Rimeannian Geometry and Smooth Metric Measure Spaces
Student No.:50
Time:Fri 10:10-12:00, 2015-03-06~ 2015-05-22(except for May 1)
Instructor:Vlad Moraru  [MSC, Tsinghua University]
Place:Conference Room 3, Floor 2, Jin Chun Yuan West Building
Starting Date:2015-3-6
Ending Date:2015-5-22
The course will address some advanced topics in Riemannina geometry and their connections with measure theory. Emphasis will be put on some, by now, classical theorems concerning manifolds with lower bounds on the Ricci curvature, their applications to general relativity and recent generalisations to smooth metric measure spaces.

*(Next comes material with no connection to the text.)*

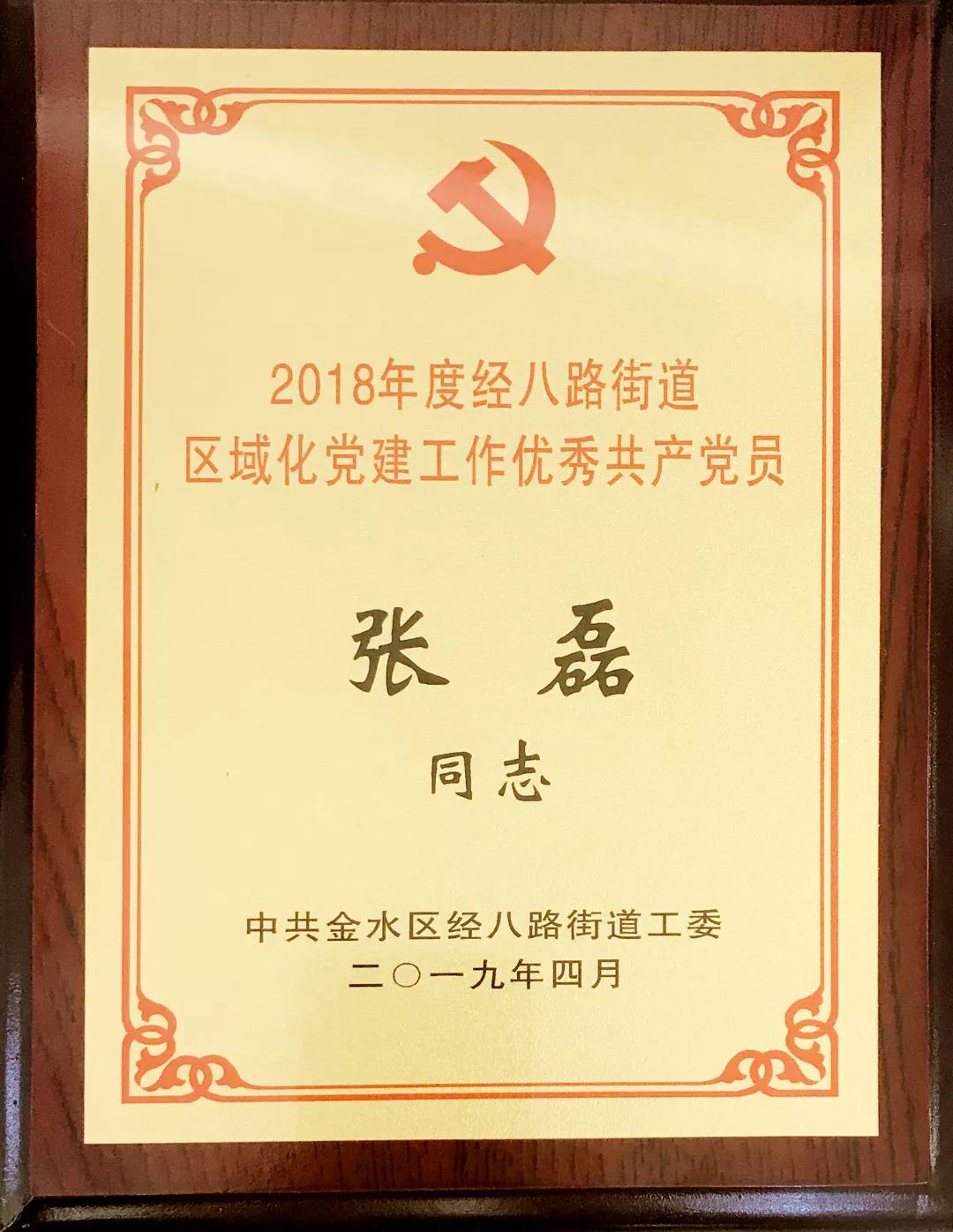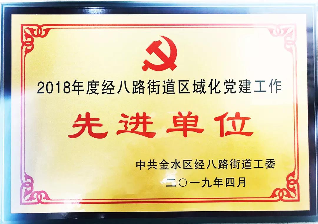为表彰先进,鼓励基层党组织更好的投入到2019年的党建工作中,在经八路街道党工委优秀基层党组织的评选中,索克党委荣获“2018年度经八路街道区域化党建工作先进单位”称号,索克党委天擎花园党支部书记张磊荣获“2018年度经八路街道区域化党建工作优秀共产党员”称号。

In the first part of the course we will deal with the Riemannian and Lorentzian setting, whereas in the second part we will study smooth metric measure spaces with Bakry-Emery Ricci tensor bounded from below. Some results from the first part of the course will be generalised in this setting.
Topics will include: Laplace comparison and applications; Bishop-Gromov volume comparison; Myer's theorem, Hawking and Penrose singularity theorems, and Cheng's maximal diameter rigidity; Cheeger-Gromoll splitting theorem for Riemannian and Lorentzian manifolds; Smooth metric measure spaces with Bakry-Emery Ricci curvature bounded below and generalisation of some of the theorems mentioned above; Singularity theorems for Bakry-Émery Lorentzian manifolds.
1)      A basic course in Riemannian geometry (such as, for example, J. M. Lee “Riemannian Geometry”, or M. do Carmo “Riemannian Geometry” especially Chapters 0 -11)
2)      A basic course in measure theory.
1) P. Petersen, “Riemannian Geometry”, especially Chapters 7 and 9.
2) Zhu, “The Comparison Geometry of Ricci Curvature” in Comparison Geometry MSRI Publications, Vol. 30, 1997
3) Wei & Wylie, “Comparison for the Bakry-Emery Ricci Tensor”, J. Diff. Geom. 83 (2009) 377-405
Additional references will be given during the lectures.